* _Task description_
Output the whole listing exactly, with no pictures.

* _Data extract_
'''

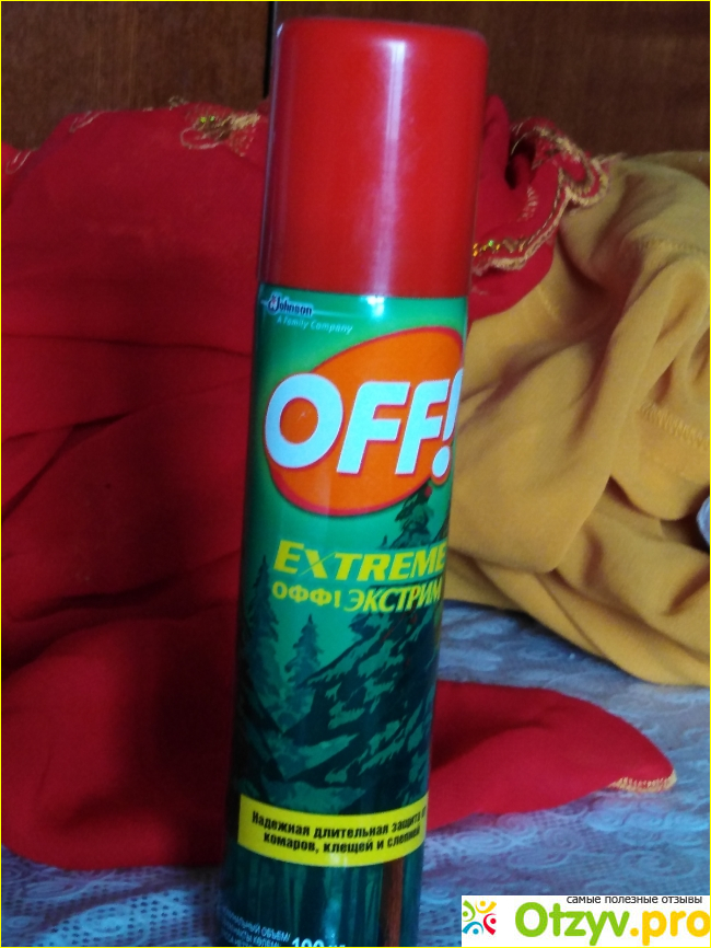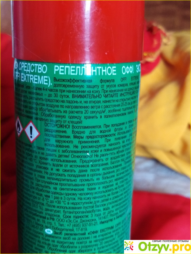 В поисках надёжного средства защиты от комаров и других кровожадных насекомых выбрала спрей OFF! Extrime. Баллончик объёмом 100 мл. Хватит на всё лето одному человеку. Производитель обещает долговременную защиту (до 4-х часов) от укусов комаров, слепней, мошек, москитов, блох, а также клещей, если нанести на одежду. Срок годности 3 года. В состав входит N-диэтилтолуамид -30%, спирт, отдушка, сжатый воздух под давлением. Данное средство сильнодействующее, имеет специфический запах, поэтому нужно соблюдать меры предосторожности:
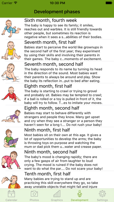 WomanLog Baby (Baby) is a calendar of child development for parents. User interface languages: English, Deutsch, Français, Italiano, Español, Português, Dansk, Nederlands, Svenska, Русский, 简体中文, 繁體中文 Key features: Child Development Calendar Descriptions of child development phases from birth to 3 years Calendar for multiple babies Weight Height Graphs Temperature Bathing Breastfeeding Diaper Sleep Diary Backup Skins (3) iPad support WomanLog Baby Pro: Photo Gallery Bottle feeding Feeding Achievements Medicines Moods Symptoms Doctor's appointments Send PDF file to e-mail Skins (10) No ads All the main functions are accessible via the calendar. Tapping a finger on the calendar date, you can add and edit the settings for each day. Turn the phone horizontally and you will switch to the list of events. Application developers are not responsible for any direct or indirect losses which have arisen or may arise related to using this application. Child development phase descriptions and drawings are to be understood as general and theoretical information that may not be the same or may differ significantly in comparison to each particular child's actual development. General technical data such as phone model, etc., are transferred to www.womanlog.com solely for testing purposes and for statistics. contacts: [email protected] www.womanlog.com © 2019
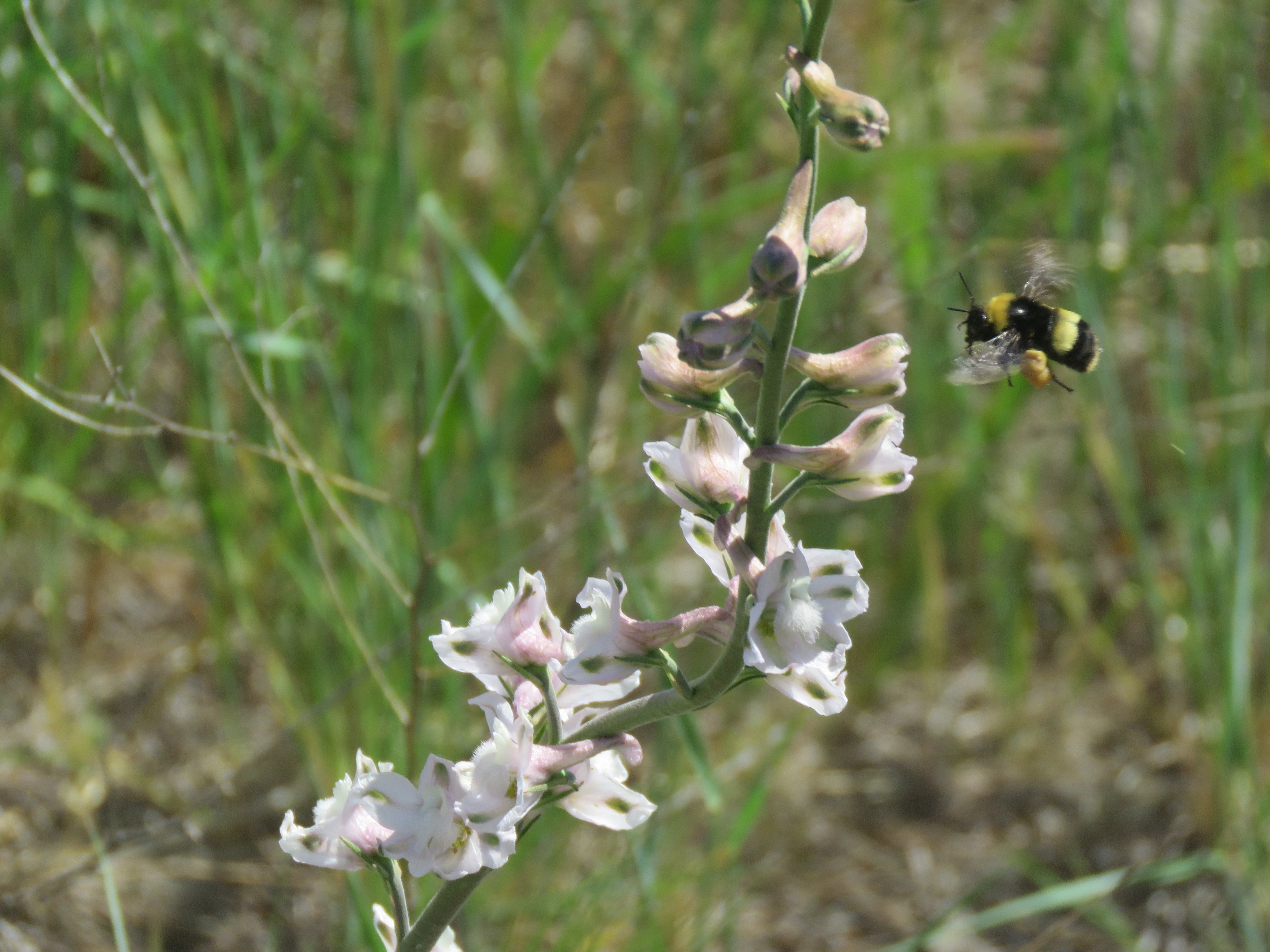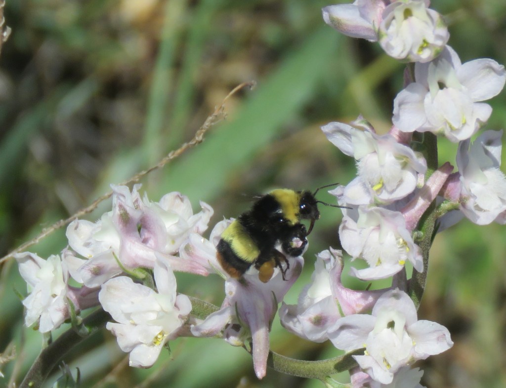 One day, I stood in a larkspur patch. Several Crotch’s bumblebees whirred between flowers. One bumblebee flew right up to my face and stared at me with large, black eyes. Did she think my bright pink shirt was a flower? Was she curious about my presence? She flew within a few inches of my nose and hovered there for a few seconds before landing on a larkspur blossom. Bumblebees are often particularly good at pollinating larkspurs and other species of flowers. They, along with other wild bees, provide $3251 per hectare in pollination services to crops [4].

'''

* _Exercise response_
 В поисках надёжного средства защиты от комаров и других кровожадных насекомых выбрала спрей OFF! Extrime. Баллончик объёмом 100 мл. Хватит на всё лето одному человеку. Производитель обещает долговременную защиту (до 4-х часов) от укусов комаров, слепней, мошек, москитов, блох, а также клещей, если нанести на одежду. Срок годности 3 года. В состав входит N-диэтилтолуамид -30%, спирт, отдушка, сжатый воздух под давлением. Данное средство сильнодействующее, имеет специфический запах, поэтому нужно соблюдать меры предосторожности:
 WomanLog Baby (Baby) is a calendar of child development for parents. User interface languages: English, Deutsch, Français, Italiano, Español, Português, Dansk, Nederlands, Svenska, Русский, 简体中文, 繁體中文 Key features: Child Development Calendar Descriptions of child development phases from birth to 3 years Calendar for multiple babies Weight Height Graphs Temperature Bathing Breastfeeding Diaper Sleep Diary Backup Skins (3) iPad support WomanLog Baby Pro: Photo Gallery Bottle feeding Feeding Achievements Medicines Moods Symptoms Doctor's appointments Send PDF file to e-mail Skins (10) No ads All the main functions are accessible via the calendar. Tapping a finger on the calendar date, you can add and edit the settings for each day. Turn the phone horizontally and you will switch to the list of events. Application developers are not responsible for any direct or indirect losses which have arisen or may arise related to using this application. Child development phase descriptions and drawings are to be understood as general and theoretical information that may not be the same or may differ significantly in comparison to each particular child's actual development. General technical data such as phone model, etc., are transferred to www.womanlog.com solely for testing purposes and for statistics. contacts: [email protected] www.womanlog.com © 2019
 One day, I stood in a larkspur patch. Several Crotch’s bumblebees whirred between flowers. One bumblebee flew right up to my face and stared at me with large, black eyes. Did she think my bright pink shirt was a flower? Was she curious about my presence? She flew within a few inches of my nose and hovered there for a few seconds before landing on a larkspur blossom. Bumblebees are often particularly good at pollinating larkspurs and other species of flowers. They, along with other wild bees, provide $3251 per hectare in pollination services to crops [4].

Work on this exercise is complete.